Jeder Spieler übernimmt die Rolle eines oder mehrer Überlebender einer Zombieapokalypse. Diese starten zuerst in der Kolonie und können im Laufe des Spiels mehrere Standorte besuchen und dort agieren. Es gibt verschiedene Spielziele, die frei auswählbar sind oder zufällig gezogen werden können. Von den verschiedenen Spielzielen gibt es jeweils eine leichtere und eine schwerere Variante.
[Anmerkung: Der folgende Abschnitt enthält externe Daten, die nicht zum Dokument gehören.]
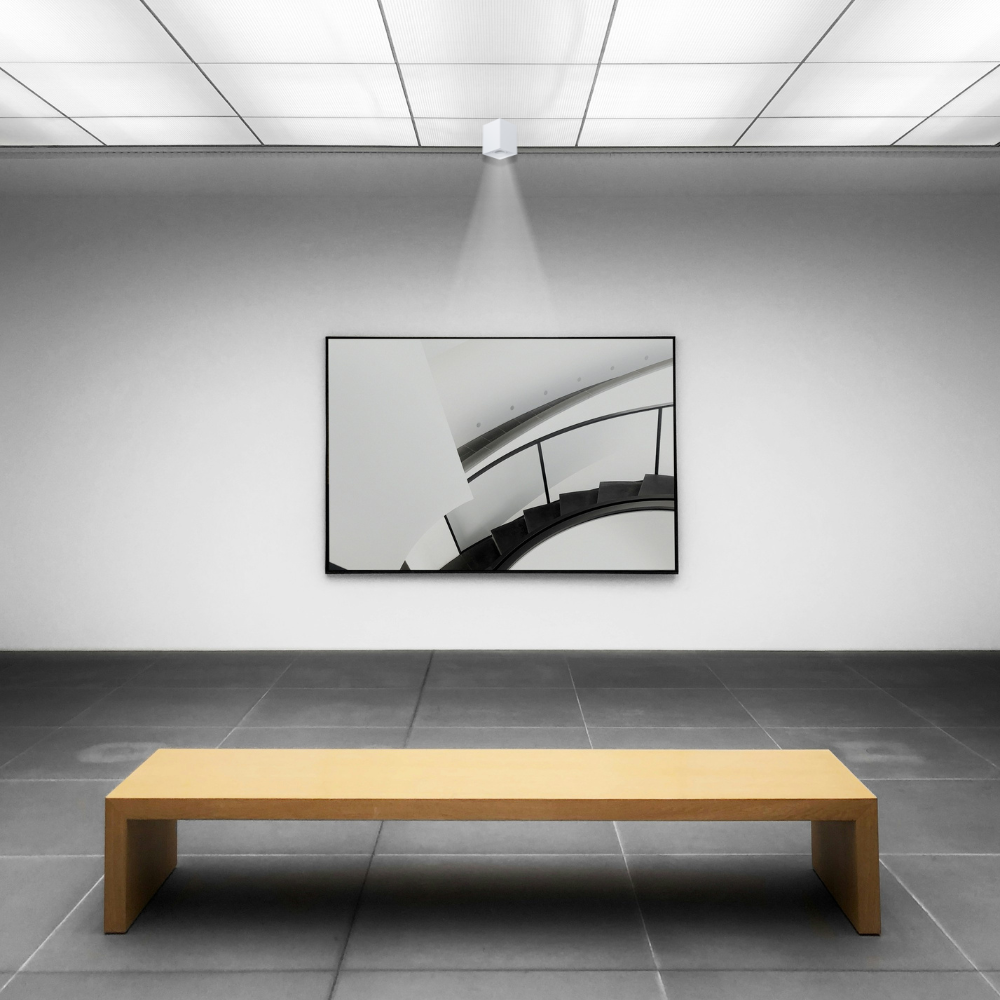 Schwenkbarer, eckiger Aufbauspot aus Kunststoff für GU10 oder MR16 Leuchtmittel in der Farbe weiß.

Jeder Charakter, den der Spieler verkörpert, muss nun verschiedene Dinge tun. Es ist immer ratsam, vorher die Spielzüge mit seinen Mitspielern abzusprechen, überhaupt ist Winter der Toten ein sehr kommunikatives Spiel. Anfangs wird eine neue Krise aufgedeckt. In diesen Krisen müssen die Spieler verschiedene Dinge beschaffen, um nicht den Sanktionen anheim zu fallen, die passieren, wenn man die benötigten Materialien nicht zusammenbekommt. Dann würfeln alle Spieler, die ihnen zur Verfügung stehenden Würfel. In der Regel ist das ein Würfel pro gespieltem Charakter und einer zusätzlich. Jeder Spieler startet zu Beginn mit zwei Charakteren, das bedeutet er darf mit drei Würfeln würfeln. Im Laufe des Spiels können Charaktere verloren werden, indem sie sterben, aber auch durch Ausspielen von Handkarten neue Charaktere ins Spiel gebracht werden.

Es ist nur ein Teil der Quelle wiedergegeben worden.